Berfrois

Bazaars/Flea Markets

Print

From The Smart Set:

I think Prakash gets closer to a true picture of what Mumbai is — if a city is anything — than my entire library of German history. The way history folds in on itself, repeats patterns over and over until never again. The way names or places or events can be linked across centuries, with vast emptiness between them. It does not always go Frederick William, so Kaiser Wilhelm, so Adolf Hitler. It does not always go, witches then Catholics then Jews now Turks. Prakash quotes Jonathan Raban in his first chapter: “The soft city of illusion, myth, aspiration, nightmare, is as real maybe more real, than the hard city one can locate on maps, in statistics, in monographs on urban sociology and demography and architecture.” The soft city is more difficult to write about. It’s comforting to put things into straight lines and find cause and effect.

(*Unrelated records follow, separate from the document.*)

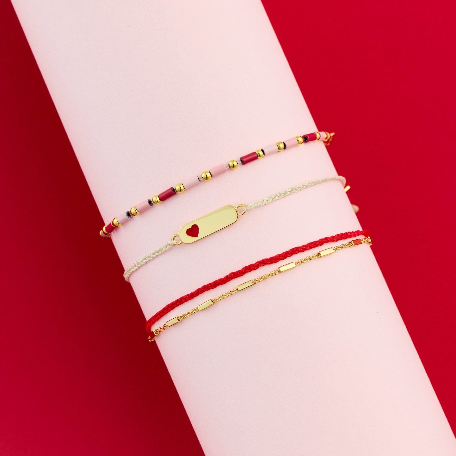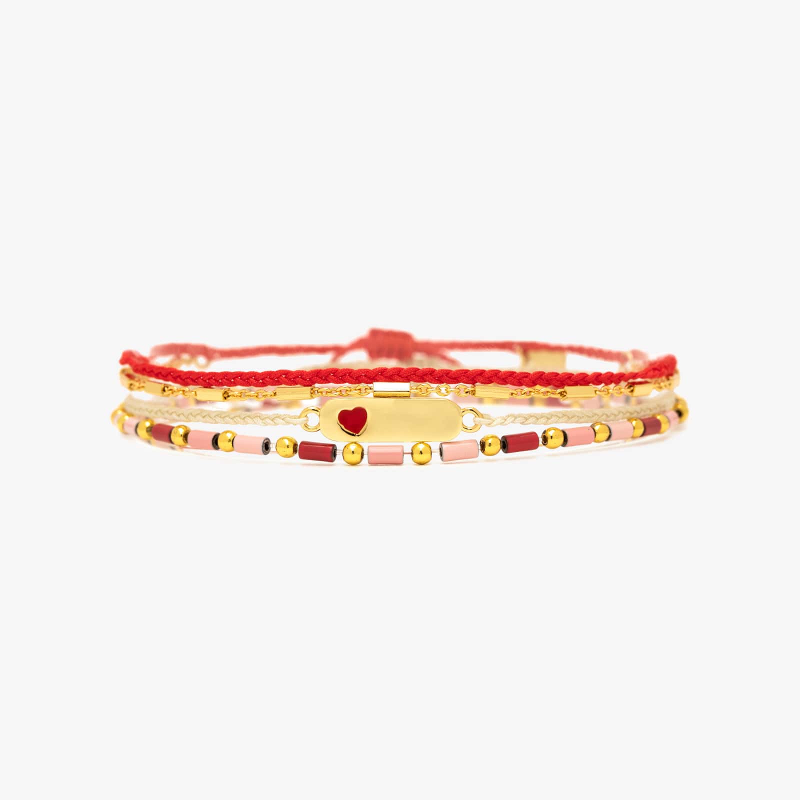Fall head over heels for our Special Love Style Pack! This trio of bracelets is designed to capture the essence of love in every detail. Featuring a delicate beaded design, a romantic red and gold combo, and a charming heart accent, this set is perfect for stacking, mixing, and matching. Whether you're treating yourself or sharing the love with someone special, this pack adds a touch of sweetness and style to any outfit. Show the world your heart is full of loveโbecause you truly are!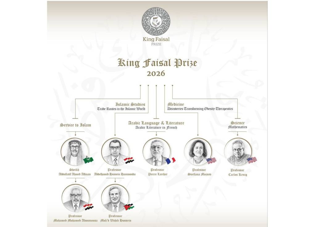 The names of the 2026 King Faisal Prize laureates were announced in Riyadh, Saudi Arabia, by HRH Prince Turki Al-Faisal and the Prize's Secretary General, Dr. Abdulaziz Alsebail. Since 1979, the King Faisal Prize, in its 5 categories, has awarded laureates who have made distinguished contributions across various sciences and causes. Each prize laureate is endowed with USD 200 thousand; a 24-carat gold medal weighing 200 grams, and a Certificate inscribed with the Laureate's name and a summary of their work, which qualified them for the prize.
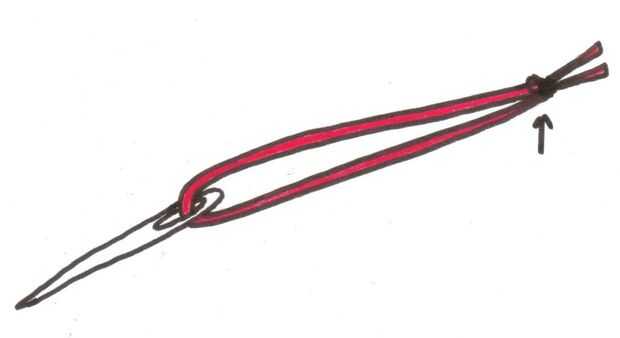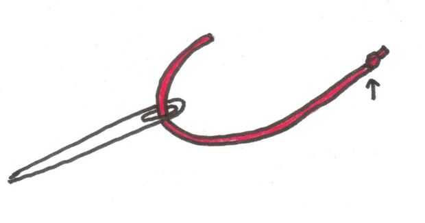 Esto es bueno usar si estás preocupada que te equivocarás. Es muy fácil de sacar la aguja y descoser unas puntadas, entonces sólo vuelva a enhebrar la aguja y continuar. Usted necesita mirar hacia fuera que usted no tire el hilo de la aguja por accidente al coser aunque, o el extremo libre enredado en los puntos de sutura. La flecha te muestra cómo hacer el nudo.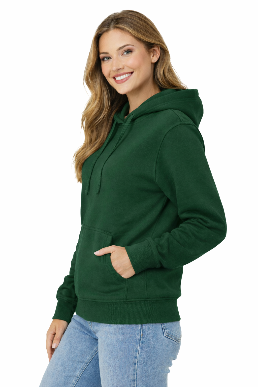 Ženska jopica s kapuco in žepom barve zelene steklenice - klasika v ženski izdaji

But ultimately it’s a lie.

Near the end of Mumbai Fables, Prakash writes about the bazaars, the unexpected and chaotic arrangement of seemingly unrelated goods. (I think, yes, the flea markets in Berlin with their seemingly endless supply of old records, books, antique jewelry, electrical parts, baby clothing, VHS tapes, and artworks.) “The unexpected juxtaposition… functions like a montage, breaking up the smooth and evolutionary surface of historical representation. You see the city’s urban heritage not in a linear fashion but in the heretical arrangement of fragmentary and spatial combinations.” That collage, that jumble, is much more revealing about the city’s inner workings.